India, China manage more than 70% PE deals in Asia-Pacific
Notwithstanding the massive plunge in the 2009 first quarter private equity (PE) activities in China by 50 percent and in India by 87 percent, the two countries managed to sweep-clean a majority – more than 70 percent - of the PE deals in the Asia-Pacific region!
During the first quarter of 2009, from January to March, private equity firms struck 36 deals amounting to an investment of nearly $526 million. These figures mark a considerable drop from the same-quarter year-before figures of 133 deals totaling $3.9 billion in investment.
Most of the PE investors are refraining from making investments because, with the plummeting asset prices and valuations over the last year, they feel they might make the same investment at a lower valuation in future.

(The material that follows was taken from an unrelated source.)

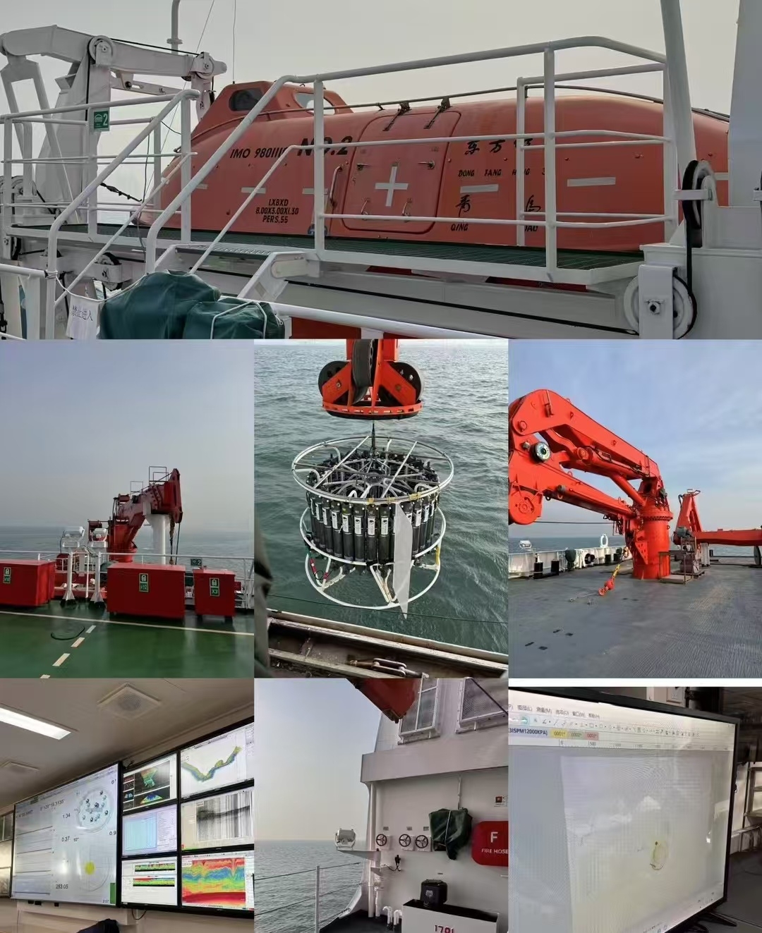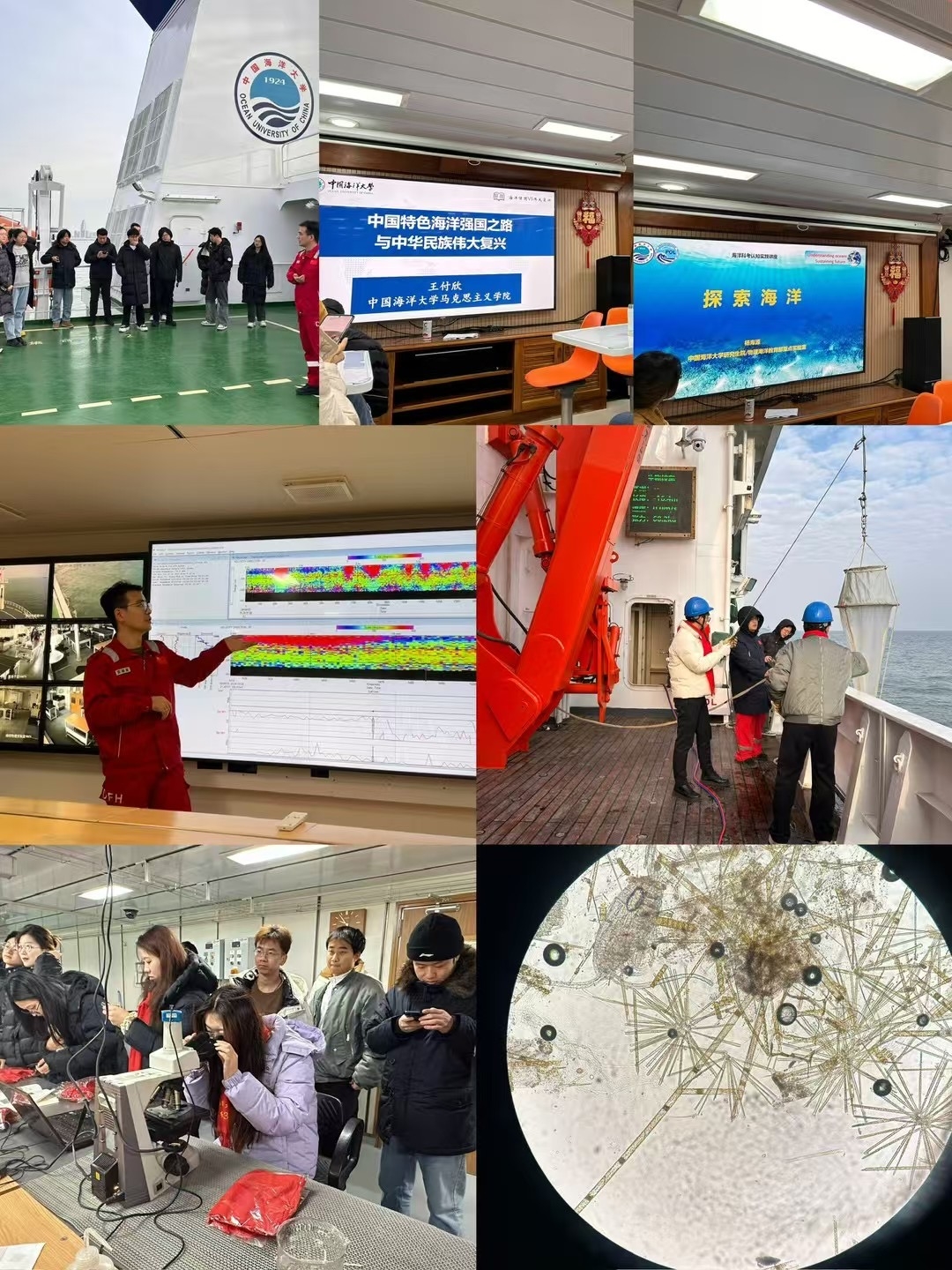 参观实践环节,师生们倾听“东方红3”船建设历史、亲身体验海洋科考实验。同学们在CTD(温盐深测量仪)操作区,尝试操控仪器测量胶州湾海水温度、盐度等数据;在干湿实验室,使用显微镜观测海水中的海洋生物;在逃生演练环节,迅速穿好救生衣、带上保温服,有序集合进入逃生艇……实验室老师从海洋水文、海洋气象、海洋生物、海洋化学、海洋地质等方面讲授船载先进海洋调查仪器设备的相关知识,传授海洋调查的经验,博得阵阵掌声。

According to experts, PIPE - private investment in public equity – deals, which earlier comprised almost 60 percent of all deals, have fallen due to the secondary markets trading down and valuations suffering a blow, resulting in an aversion to invest into listed equity. In addition to this, issuers do not wish to raise equity at the present day’s lower valuations.
Commenting on the scenario, Probir Rao, MD, investment banking UBS India, said: “With trade and capital market exits becoming difficult, investors are unable to recycle investments and are ‘stuck’ with holding investments for a longer term.”